Someone sobbed and Jaime startled awake as if from a nightmare. His eyes met Brienne’s as if across an ocean, as if he was standing on one side of the world, and she on the other, the distance was just as unsurmountable. In the small light of the torch on the wall he could see that her eyes were wide. He wanted to reach out, to _feel_ her, if just to make sure that he was truly still alive.

It seemed to last a thousand years, or a moment, that look that passed between them, and he was sure nothing else could’ve kept him standing, swaying, sword hanging limp at his side, useless. Then she moved, pushed herself from the wall, eyes going glassy as she swayed, and she went toward him, and he knew that if she’d been capable, she would’ve run, but she couldn’t. She simply staggered her way toward him, past him, and fell to her knees in front of her young squire, Podrick Payne.

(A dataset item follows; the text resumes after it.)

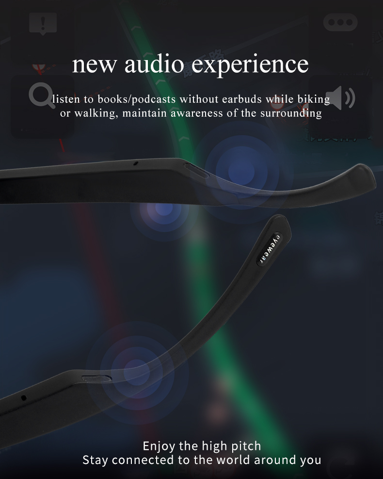 - ?Open-Ear Sound Experience – Our Smart Glasses are designed with an open-ear speaker, let you say goodbye to the discomfort of wearing headphones for a long time, immersive sound to the space around your ears. Sound quality loud enough, enjoy you favorite music. Bass frame won’t interfere with your open ears listening to everything around you.

He sobbed again, as she folded him into her large frame and pressed her cheek against the top of his head. Her eyes were leaking. Her ruined cheek was wet with tears, yet she wasn’t crying. She closed her eyes and more liquid fell down her cheek, and Jaime couldn’t stand anymore. His sword clattered to the ground and the sharp noise seemed to cut into the very fabric of the night, tearing it apart. He didn’t sit, as much as crumble to the ground with a mighty crash as his body betrayed him.

He didn’t know how long they sat there, but it seemed to grow lighter, as if the sun hadn’t exhausted all its fire quite yet, though Jaime had almost expected the dragons to have used it all up during the night.

Brienne was stroking Podrick’s cheek with her gloved fingers. They were still clutched in each other’s arms and Jaime thought they’d never let go again. _Gods, she is young_ , he thought as he looked at her, _and yet so old_. Had she reached her twentieth year? He couldn’t remember, but looking at her made him feel the aching in his bones more than that in his tired muscles. To imagine the responsibilities she had taken upon herself, the way she had gone against the world, fought and fought her entire life, fought everyone who had mocked her and an army of dead as well, and here she was, victorious, never thinking of herself but of her young squire, who she’d taken on, who was almost like a child of hers now, it was humbling, and it made him proud.

He could not stay away, then, and without thought or plan, he dragged himself the few feet toward them, the two who had gone into this war as children of summer, and who had come out of it years older, he brought his arms around them, shaking as he was, hoping that they could give him strength. And for that, too, he pressed his lips to Brienne’s filthy hair, helm forgotten by her side, and he pressed his good arm tighter around the boy despite his protesting muscles. The boy tilted his head to the side until it was cradled between Brienne’s strong shoulder and Jaime’s own breast, and in that way they remained until the dawn refused to be ignored any longer.

*

 _Burn the dead, burn the dead, burn the dead. The dead must burn_ , but the task was left to the ones who hadn’t fought. They, like all the other soldiers, like Jon Snow by the pale dragon and Samwell Tarly almost buried in a heap of bodies, like the Hound, fierce, burned, frantic, they were ushered into the castle. Brienne had wanted to help – of course she had – said she could load dead unto carts, but her offer had been refused and she was swaying on her feet. She and Pod supported each other toward their small chamber, which had been spared the massacre other parts of the castle had suffered, and Jaime was trailing behind them, deaf, unseeing, unthinking. It was his room too, of course. No one else had wanted him, and he knew Brienne, had travelled with her, suffered with her before. With so many refugees, there was nothing else to do but put as many people into every room as they could. Theirs was a small room, and it could house no more than the three of them, and for that he was thankful.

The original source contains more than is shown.